++++ INPUT MATERIAL

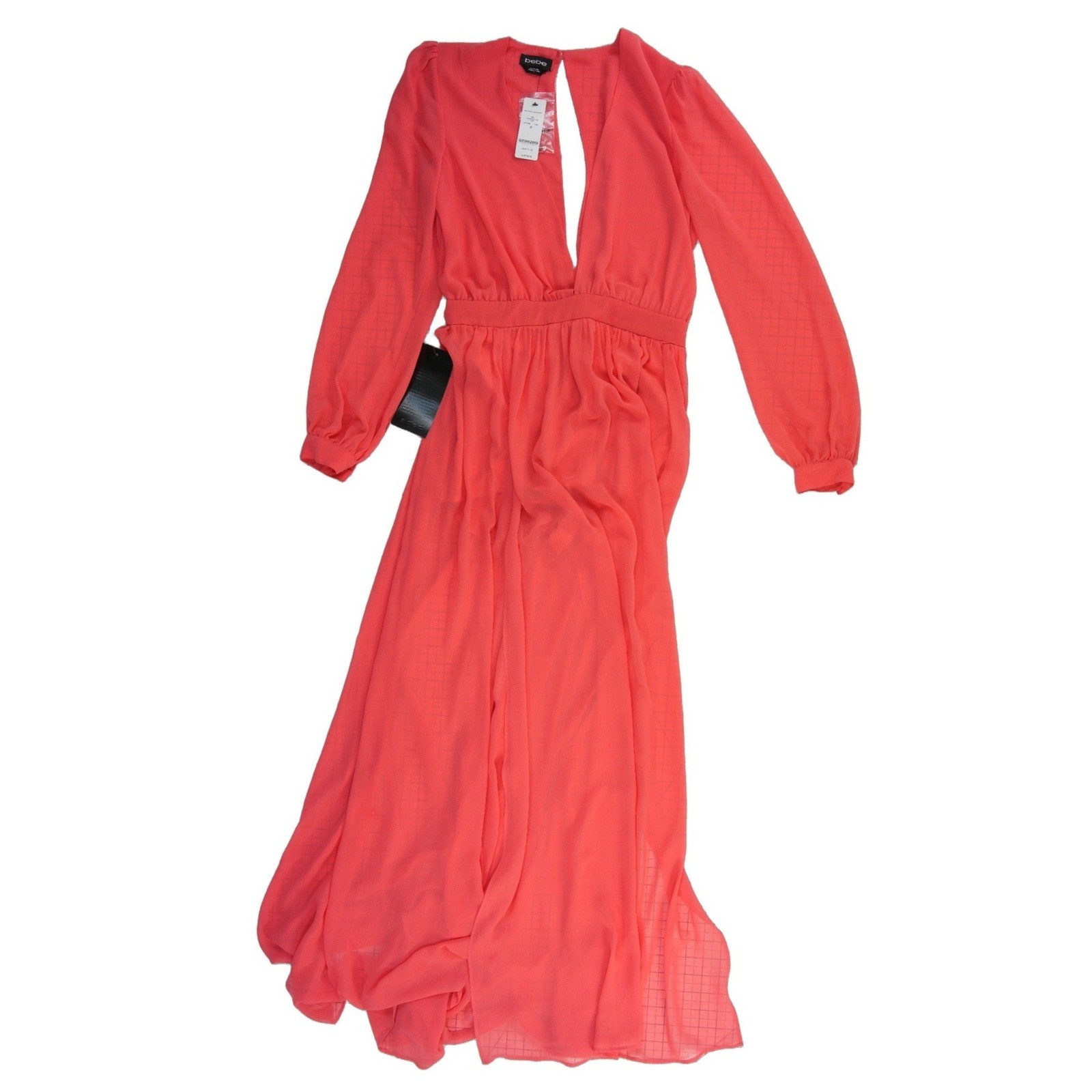 NWT Bebe Maxi Dress Women’s Size 8 Coral Long Sleeve Formal Gown Y2K
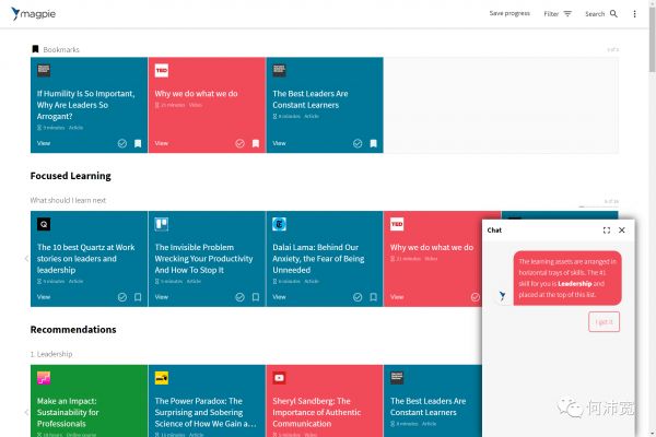 LinkedIn Learning在这方面有很多潜力,但像Filtered、Degreed和Valamis这样的公司也在努力实现这一点。例如,Degreed曾与美国银行(Bank of America)等客户合作,将特定的工作角色映射到学习建议中。IBM的YourLearning平台使用IBM的Watson人才框架来实现这一点。Filtered的产品Magpie,在您开始确保引擎了解您的角色、兴趣、学习需求和技能概要时,会问您许多问题。
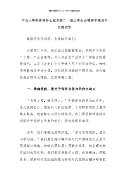 【七哥公文】2024年:市局人事劳资科科长在党的二十届三中全会精神专题读书班的发言+更多免费公文+VX:QiGeGongWen2024
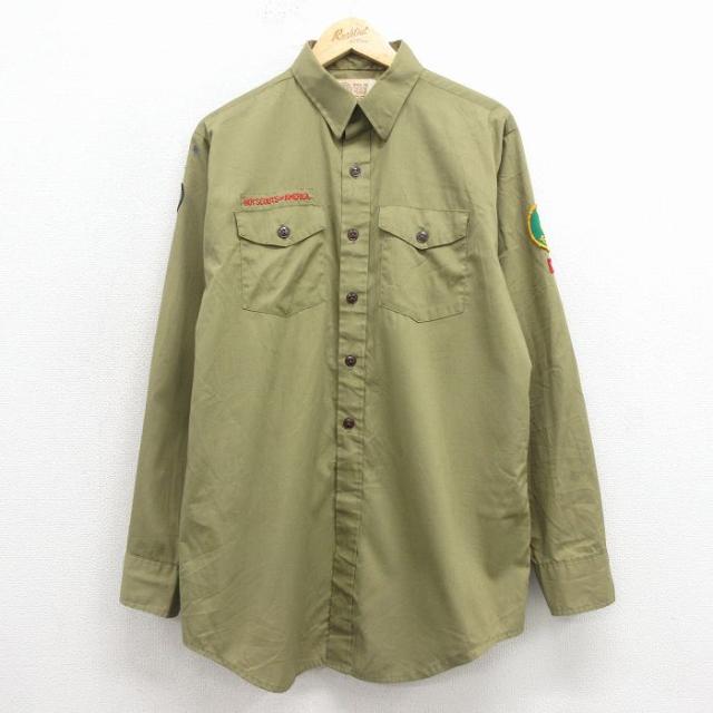 古着 長袖 ボーイスカウト シャツ メンズ 80年代 80s コブラ ロング丈 USA製 緑系 26jan31
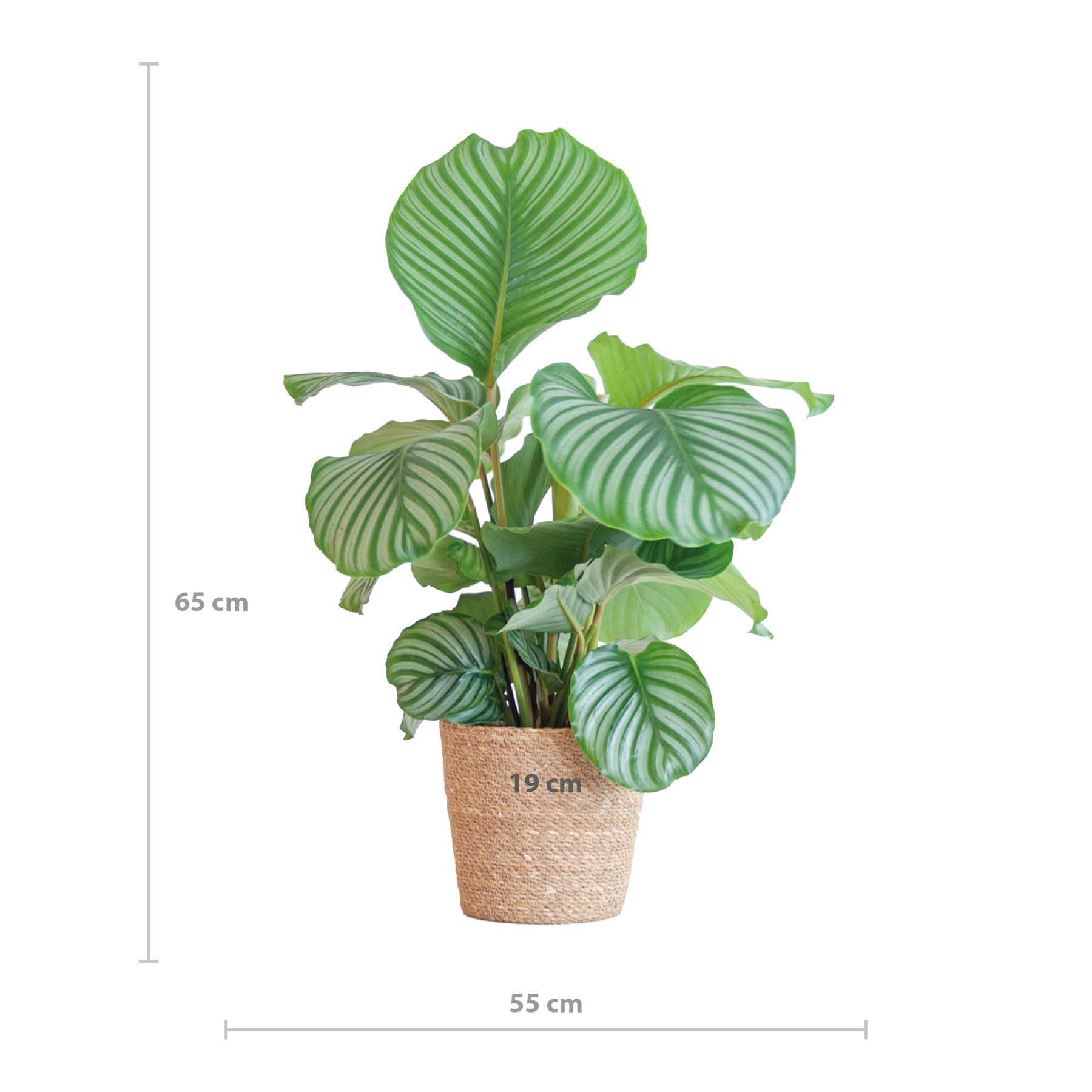 De Calathea orbifolia is een prachtige groene kamerplant met luchtzuiverende eigenschappen! Haar indrukwekkende, grote bladeren zijn heldergroen met mintgroene strepen, wat een knallend effect geeft. Deze plant is een visueel spektakel met zijn opvallende kleuren! De Calathea is erg geliefd en vaak te vinden in woonbladen en op sociale media. Een interessant weetje is dat de bladeren van de Calathea 's nachts sluiten en 's ochtends weer opengaan! Soms hoor je 's avonds het ritselende geluid van deze kamerplant.
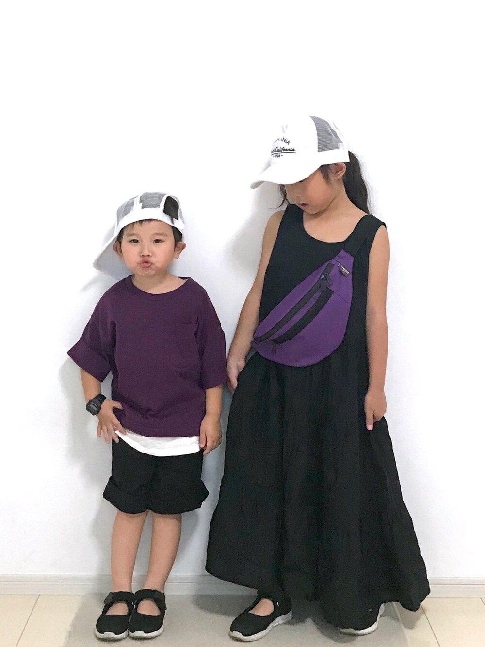 実は我が家も買ってたGUのティアードワンピ👗✨ 愛さんが今1番お気に入りの服❤︎ 👧🏻one-piece...140着用。 👦🏻pants...110着用。 覗いて頂きありがとうございました😊
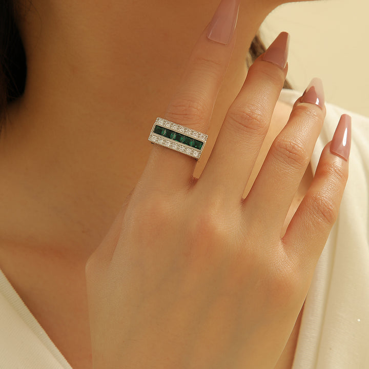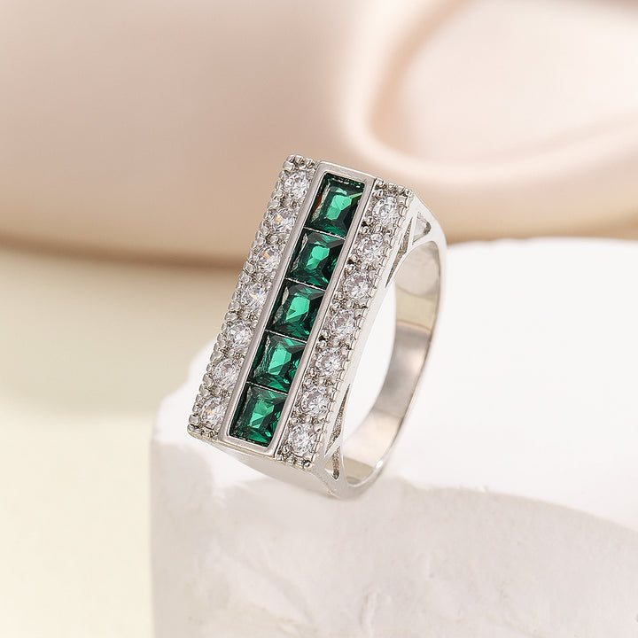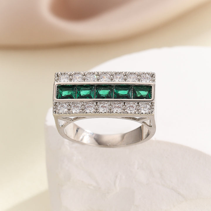 استمتعي بالأناقة المعاصرة مع خاتم "Modern Allure Emerald Gemstone Ring" الخاص بنا. يتميز إطاره المستطيل المركزي بأحجار كريمة زمردية نابضة بالحياة محاطة بلمسات من الماس المتلألئ، مما يوفر جاذبية عصرية ومتطورة.
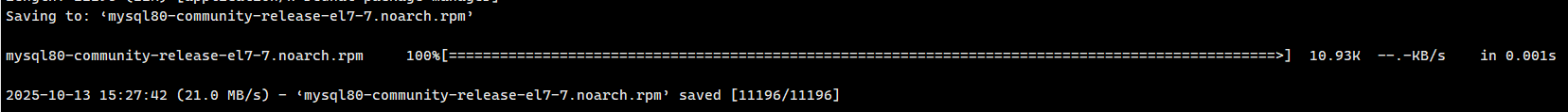 wget -c http://dev.mysql.com/get/mysql80-community-release-el7-7.noarch.rpm
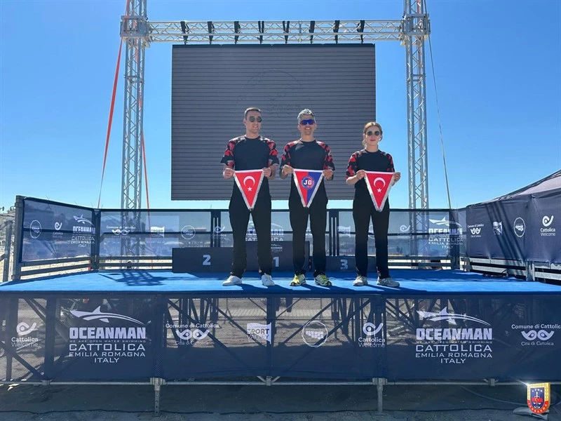İtalya’da düzenlenen, 52 ülkeden toplam 499 sporcunun katıldığı Uluslararası Oceanman Cattolica Şampiyonalarına katılan Jandarma Gücü Yüzme Takımı sporcuları;
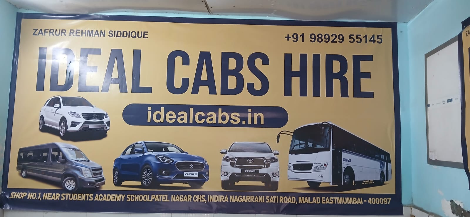 Zafrurrahman, or simply Zafar, can be reached at +91 9892955145 / 9820836796 over phone and WhatsApp. He is based in Mumbai and runs his cabs’ business from Indira Nagar region in Malad East.
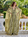 تطريز مميز من الأمام، وفتحة رقبة على شكل حرف V، مصمم للحفلات والمناسبات.
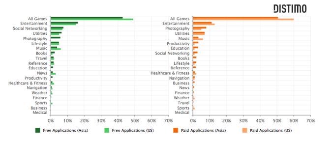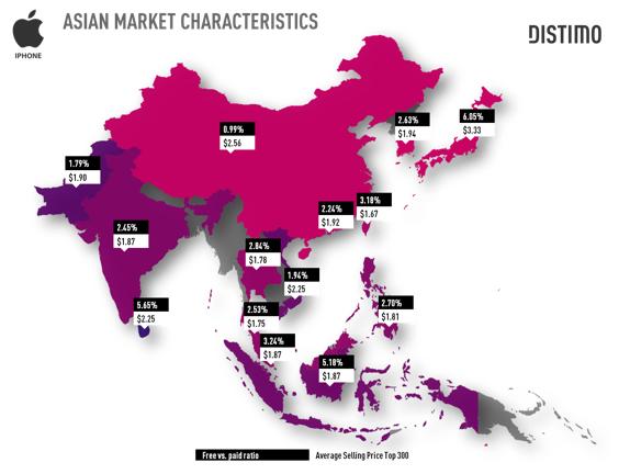 报告还显示,日本贡献了亚洲地区大部分的应用收入。亚洲地区的应用总收入约为美国的2/3,该数字高于上文提到的1/3的付费下载比率,因为亚洲地区的前300种最受欢迎的应用的平均售价为2.62美元远高于美国的1.48美元。
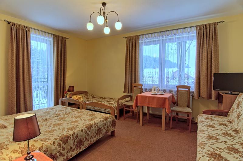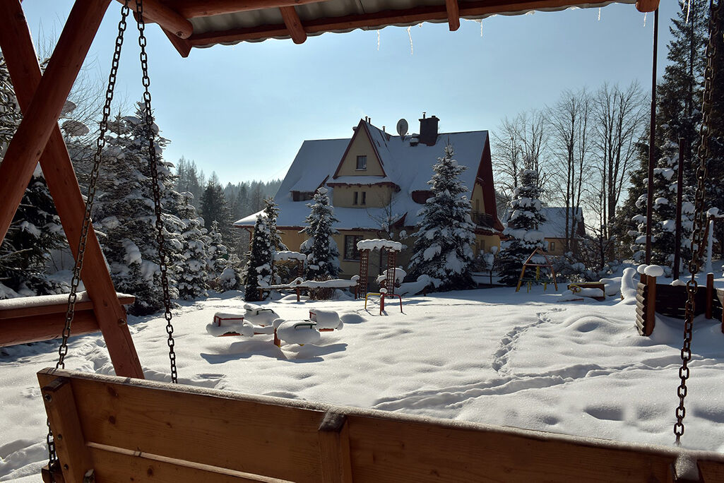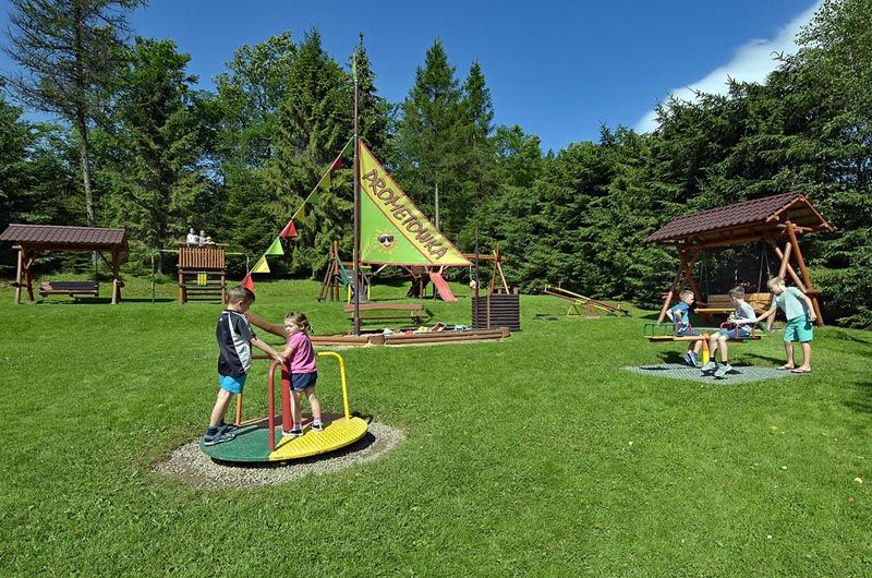 Oferujemy gościom pokoje z łazienkami, smaczną, domową kuchnię (całodzienne wyżywienie), dostęp do sieci Wi-Fi, TVsat, duży bezpłatny parking. Lokalizacja i otoczenie jakie posiada nasz Ośrodek Wypoczynkowy stwarzają doskonałe warunki do wypoczynku i rekreacji: duży plac zabaw dla dzieci, wiata grillowa, szałas ogniskowy, mini boisko do piłki siatkowej i koszykowej, ogród ze stolikami i parasolami, pobliski lasek ze strumykiem, basen rozporowy dla dzieci ogrodzony itp. Zimą posiadamy Narciarnię zewnętrzną przy parkingu.
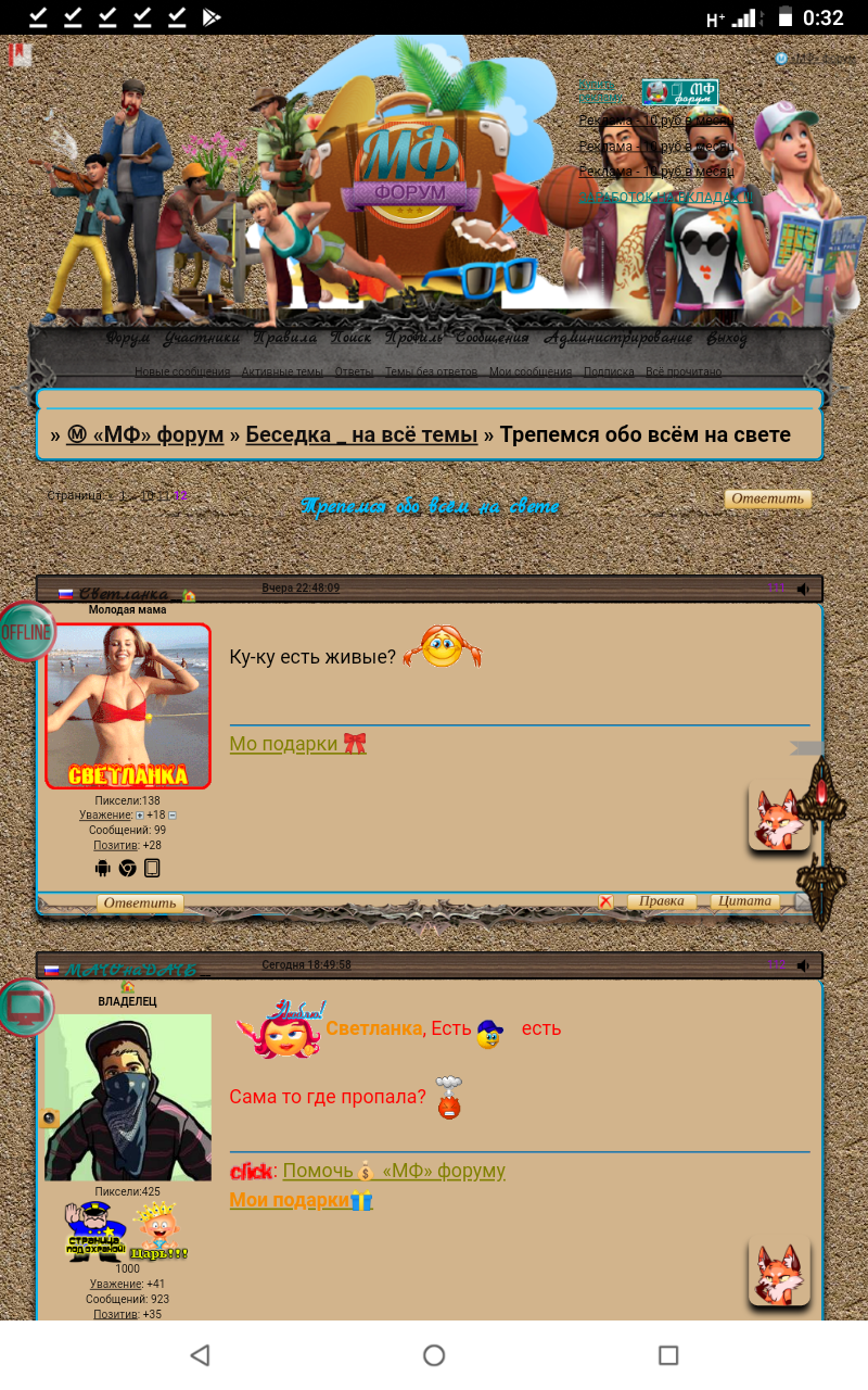- слайдер модеров и админов
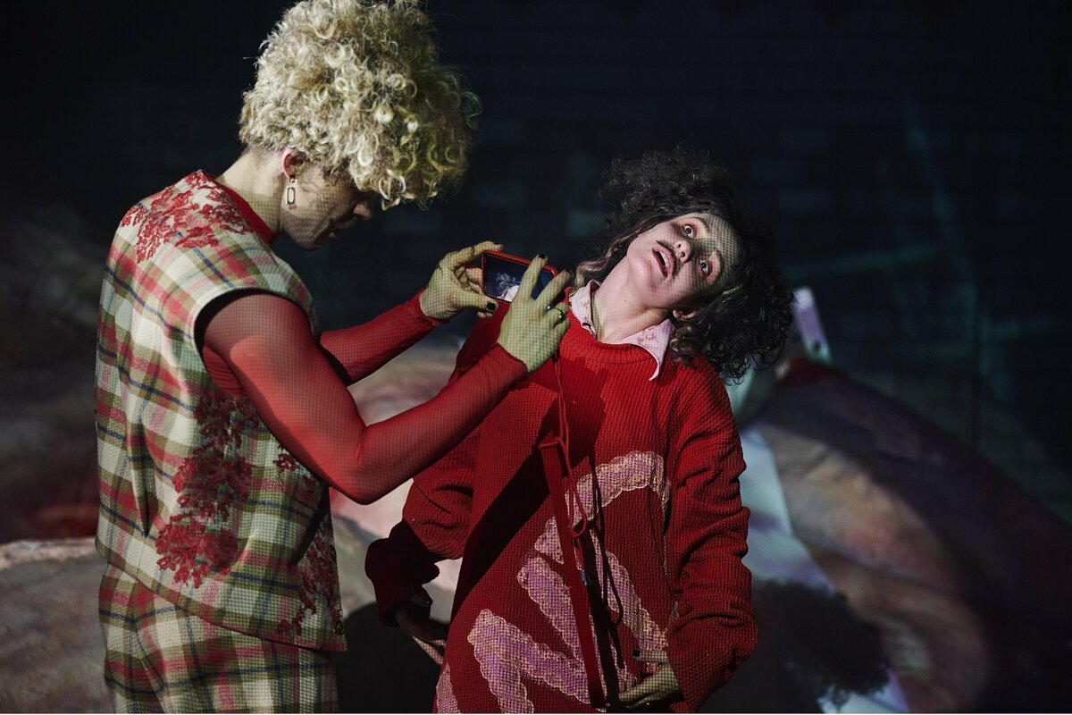 Charlott Lehmann und Paul Sies, die beide die Hauptfigur Kim spielen, tollen auf dieser Landschaft aus Fleisch herum, rutschen über die Brüste, klettern die baum­dicken Oberschenkel hinauf zum Knie, kriechen in die leeren Augenhöhlen, schlüpfen durch rotes Schamhaar.

++++++++

> _DIRECTIONS FOR THIS TASK_
Exact repetition of all entries is required. The pictures should not appear.

> _RESPONSE BELOW_
 NWT Bebe Maxi Dress Women’s Size 8 Coral Long Sleeve Formal Gown Y2K
 LinkedIn Learning在这方面有很多潜力,但像Filtered、Degreed和Valamis这样的公司也在努力实现这一点。例如,Degreed曾与美国银行(Bank of America)等客户合作,将特定的工作角色映射到学习建议中。IBM的YourLearning平台使用IBM的Watson人才框架来实现这一点。Filtered的产品Magpie,在您开始确保引擎了解您的角色、兴趣、学习需求和技能概要时,会问您许多问题。
 【七哥公文】2024年:市局人事劳资科科长在党的二十届三中全会精神专题读书班的发言+更多免费公文+VX:QiGeGongWen2024
 古着 長袖 ボーイスカウト シャツ メンズ 80年代 80s コブラ ロング丈 USA製 緑系 26jan31
 De Calathea orbifolia is een prachtige groene kamerplant met luchtzuiverende eigenschappen! Haar indrukwekkende, grote bladeren zijn heldergroen met mintgroene strepen, wat een knallend effect geeft. Deze plant is een visueel spektakel met zijn opvallende kleuren! De Calathea is erg geliefd en vaak te vinden in woonbladen en op sociale media. Een interessant weetje is dat de bladeren van de Calathea 's nachts sluiten en 's ochtends weer opengaan! Soms hoor je 's avonds het ritselende geluid van deze kamerplant.
 実は我が家も買ってたGUのティアードワンピ👗✨ 愛さんが今1番お気に入りの服❤︎ 👧🏻one-piece...140着用。 👦🏻pants...110着用。 覗いて頂きありがとうございました😊
 استمتعي بالأناقة المعاصرة مع خاتم "Modern Allure Emerald Gemstone Ring" الخاص بنا. يتميز إطاره المستطيل المركزي بأحجار كريمة زمردية نابضة بالحياة محاطة بلمسات من الماس المتلألئ، مما يوفر جاذبية عصرية ومتطورة.
 wget -c http://dev.mysql.com/get/mysql80-community-release-el7-7.noarch.rpm
İtalya’da düzenlenen, 52 ülkeden toplam 499 sporcunun katıldığı Uluslararası Oceanman Cattolica Şampiyonalarına katılan Jandarma Gücü Yüzme Takımı sporcuları;
 Zafrurrahman, or simply Zafar, can be reached at +91 9892955145 / 9820836796 over phone and WhatsApp. He is based in Mumbai and runs his cabs’ business from Indira Nagar region in Malad East.
 تطريز مميز من الأمام، وفتحة رقبة على شكل حرف V، مصمم للحفلات والمناسبات.
 报告还显示,日本贡献了亚洲地区大部分的应用收入。亚洲地区的应用总收入约为美国的2/3,该数字高于上文提到的1/3的付费下载比率,因为亚洲地区的前300种最受欢迎的应用的平均售价为2.62美元远高于美国的1.48美元。
 Oferujemy gościom pokoje z łazienkami, smaczną, domową kuchnię (całodzienne wyżywienie), dostęp do sieci Wi-Fi, TVsat, duży bezpłatny parking. Lokalizacja i otoczenie jakie posiada nasz Ośrodek Wypoczynkowy stwarzają doskonałe warunki do wypoczynku i rekreacji: duży plac zabaw dla dzieci, wiata grillowa, szałas ogniskowy, mini boisko do piłki siatkowej i koszykowej, ogród ze stolikami i parasolami, pobliski lasek ze strumykiem, basen rozporowy dla dzieci ogrodzony itp. Zimą posiadamy Narciarnię zewnętrzną przy parkingu.
- слайдер модеров и админов
 Charlott Lehmann und Paul Sies, die beide die Hauptfigur Kim spielen, tollen auf dieser Landschaft aus Fleisch herum, rutschen über die Brüste, klettern die baum­dicken Oberschenkel hinauf zum Knie, kriechen in die leeren Augenhöhlen, schlüpfen durch rotes Schamhaar.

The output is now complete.